19:22 So I think that that is really a cool use of it as well.

19:22 [music]

19:22 This episode is brought to you by Hired. Hired is a two-sided, curated marketplace that connects the world's knowledge workers to the best opportunities.

19:22 Each offer you receive has salary and equity presented right up front and you can view the offers to accept or reject them before you even talk to the company. Typically, candidates receive 5 or more offers in just the first week and there are no obligations, ever.

19:22 Sounds pretty awesome, doesn't it? Well did I mention the signing bonus? Everyone who accepts a job from Hired gets a $2,000 signing bonus. And, as Talk Python listeners, it get's way sweeter! Use the link and Hired will double the signing bonus to $4,000!

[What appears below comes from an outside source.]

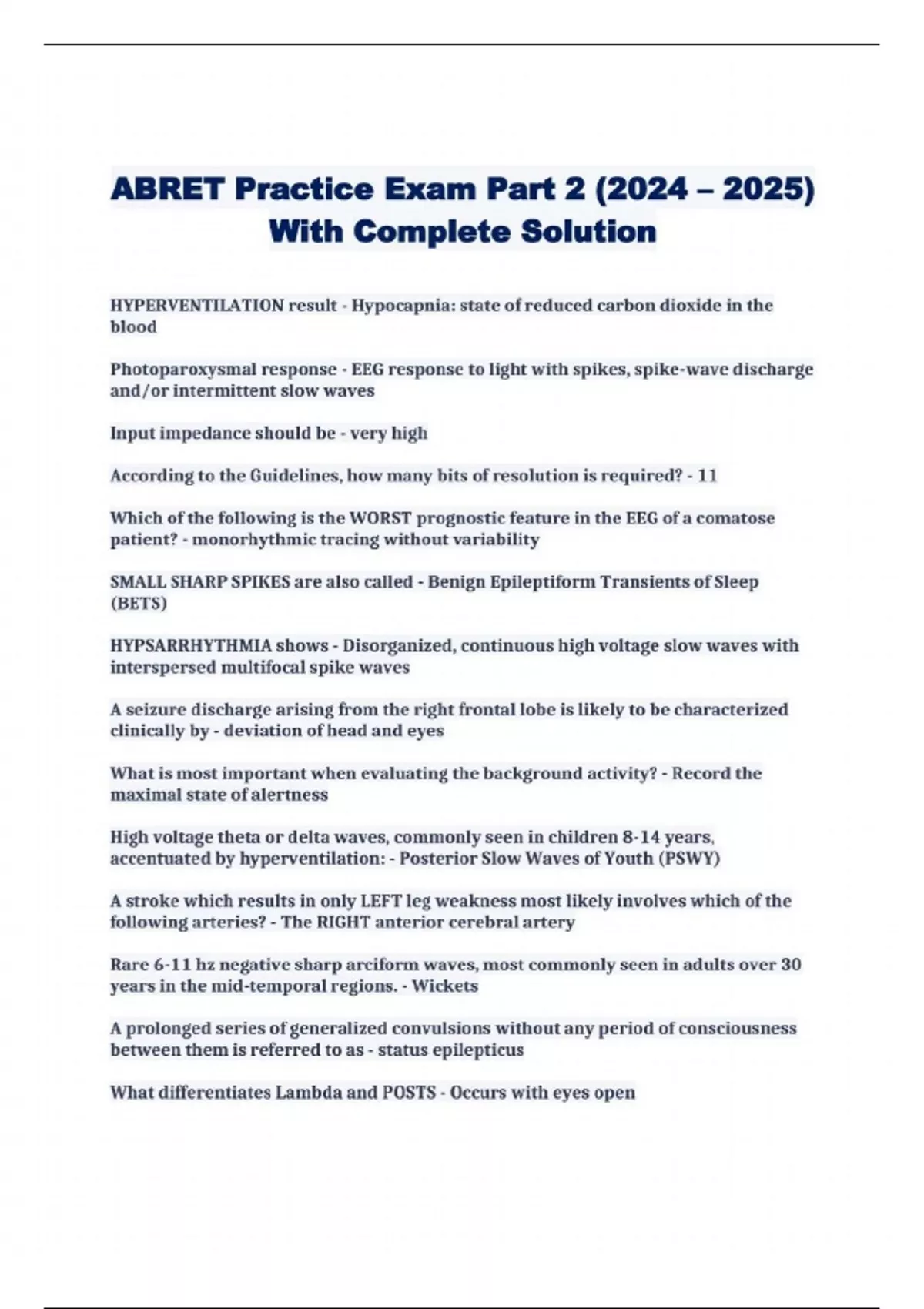 ABRET Practice Exam Part 2 (2024 – 2025) With Complete Solution
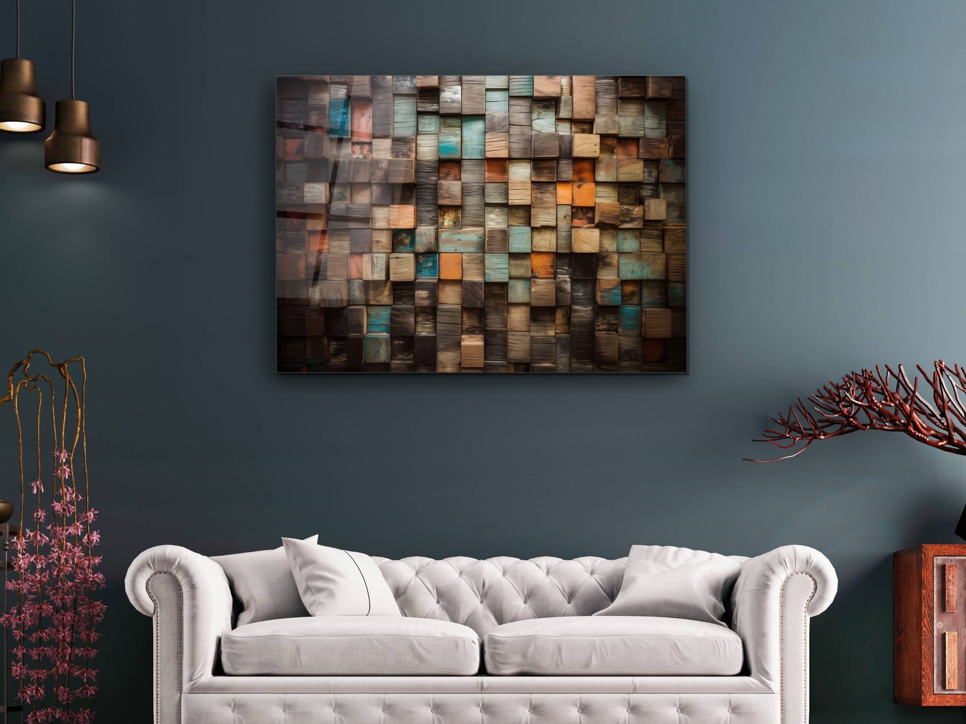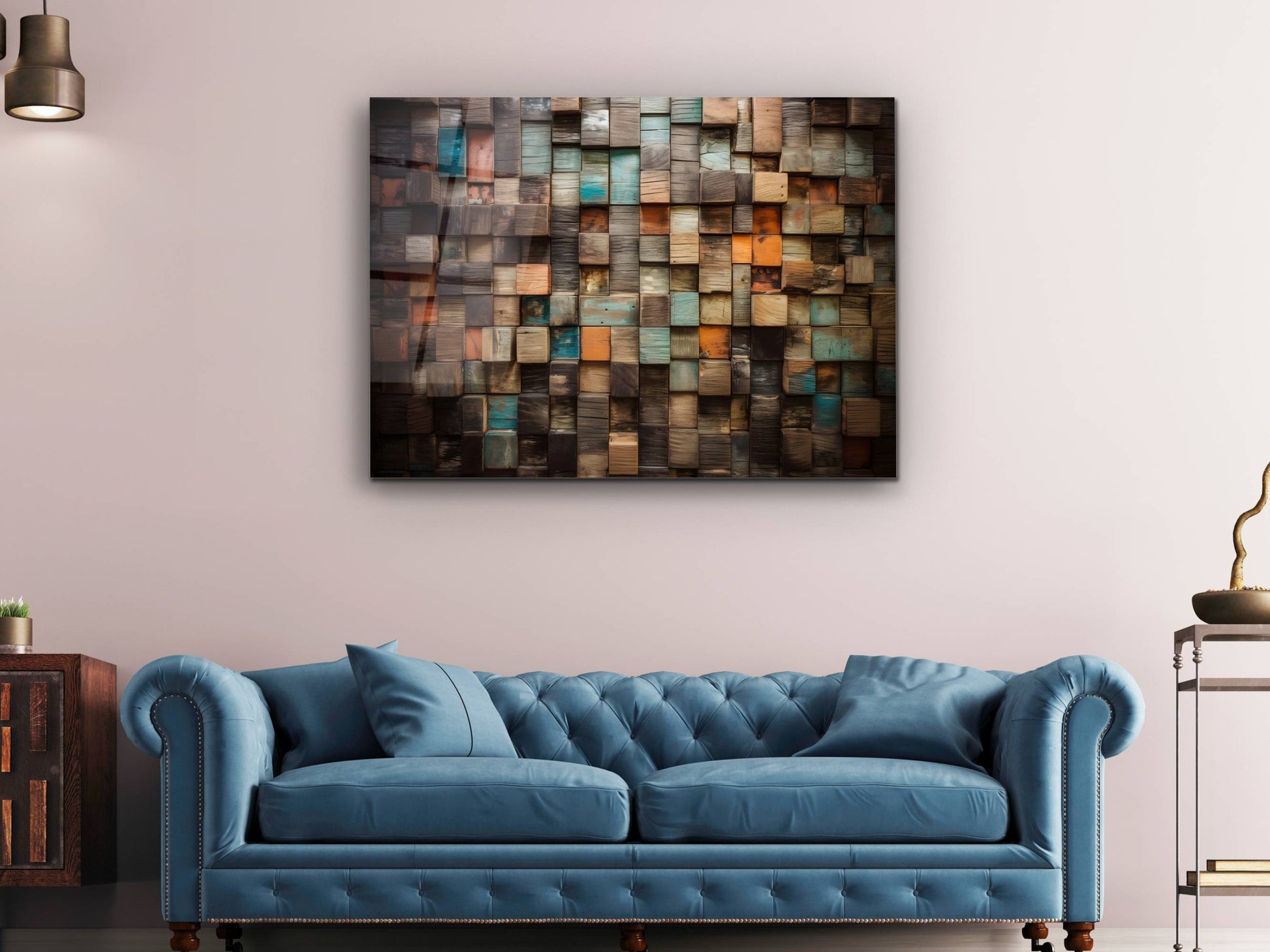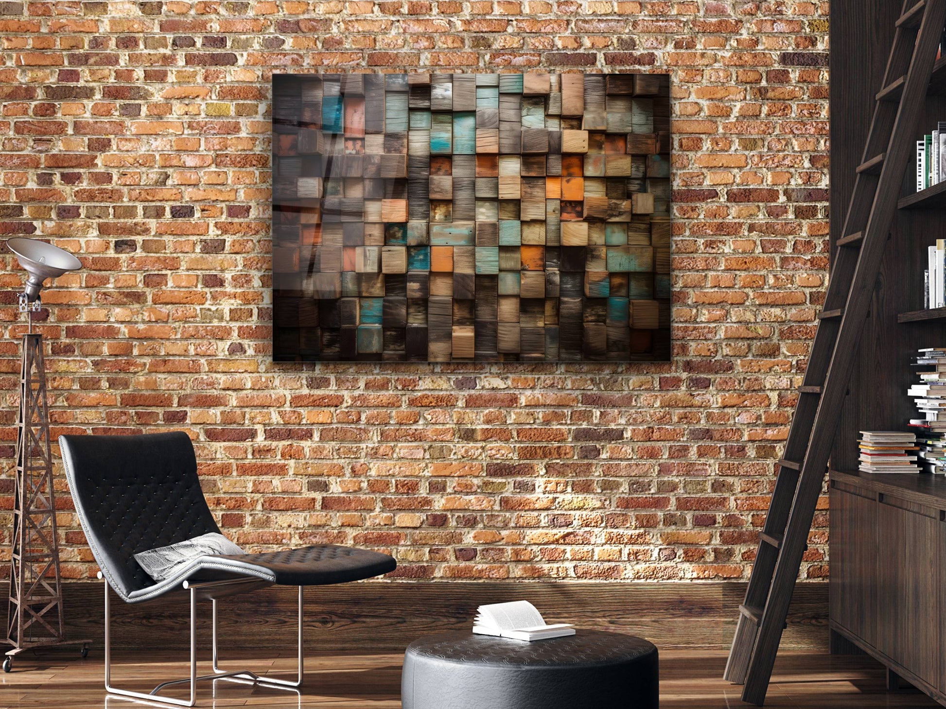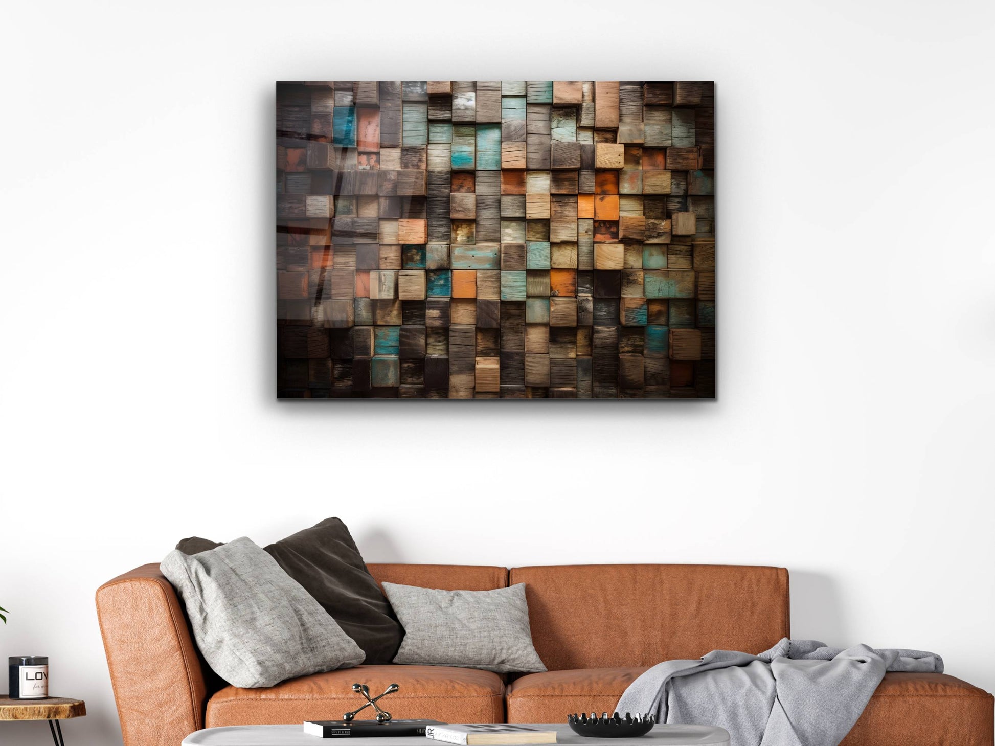 3D Efektli Renkli Ahşap Desenli Cam Tablo - Modern Geometrik Duvar Dekoru

19:22 Opportunity is knocking, visit and answer the call.

19:22 [music]

20:33 Yeah, that's a very cool thing to do and actually many industries and many companies are looking for these types of systems that they like anomaly detection, or failure prediction. And that's like, it's getting a big use case for machine learning indeed.

20:53 The Netflix guys were actually using Scikit learn not some other machine learning system, so let's get to the details of that, what's Scikit learn, where did it come from?

21:01 So, Scikit- learn is probably the biggest machine learning that you can find in the Python world. So, it dates back from almost ten years ago when David Cournapeau was doing a Google summer of code to kickstart the Scikit- learn project. And then for a few years a friend Matthieu Brucher took on the project, but it was kind of a one guy project for many years and in 2010, with colleagues at INRIA and friends we decided to basically try to like start from this state of Scikit learning and make it bigger and really try to build a community around this. So these people are Gael Varoquaux and Fabian Pedregosa, and also somebody you may have heard of in the machine learning world Olivier Grisel. And so that was pretty much 2010, so five years ago and it basically took on pretty quickly, after I would say a year of Scikit- learn we had like more than ten core developers way beyond the initial lab where it started.

22:18 That's really excellent, yeah, I mean it's definitely, absolutely main stream project that people are using in production these days, so congratulations to everyone on that, that's great.

22:28 Thank you.

22:28 Yeah. And so the name Scikit- learn comes from the fact that it's basically an extension to the SciPy pieces, right? So SciPy is like NumPy for numerical processing SciPy for scientific stuff, Matplotlib, IPython, SimPy for simbolic math and Pandas. And then, there is these extensions.

22:52 Yes. So, basically the kind of the vision is that you cannot put everything in SciPy. SciPy is already a big project and the idea of the Scikit were to build the extensions around SciPy hat are more domain specific. Also, it's kind of easier to contribute to a smaller project, so it's basically- the barrier of entry for newcomers is much lower when you contribute to a Scikit then to a SciPy which is a fairly big project now.

23:17 Yeah, and there is so much support for the whole SciPy system right, so it's much better to just build on that and try to like duplicate and say NumPy or whatever.

23:27 Exactly. I mean, there is a lot of efforts to see what could be NumPy to point o and what could be the future of it and how to extend it. I mean, a lot of people are thinking of what's next, because I mean NumPy is almost ten years old. Probably more than ten years old now and yeah, people are trying to see also how it can evolve.

23:49 Sure. That makes a lot of sense. So speaking of evolving and going forward, what are the plans with Scikit- learn, where is it going?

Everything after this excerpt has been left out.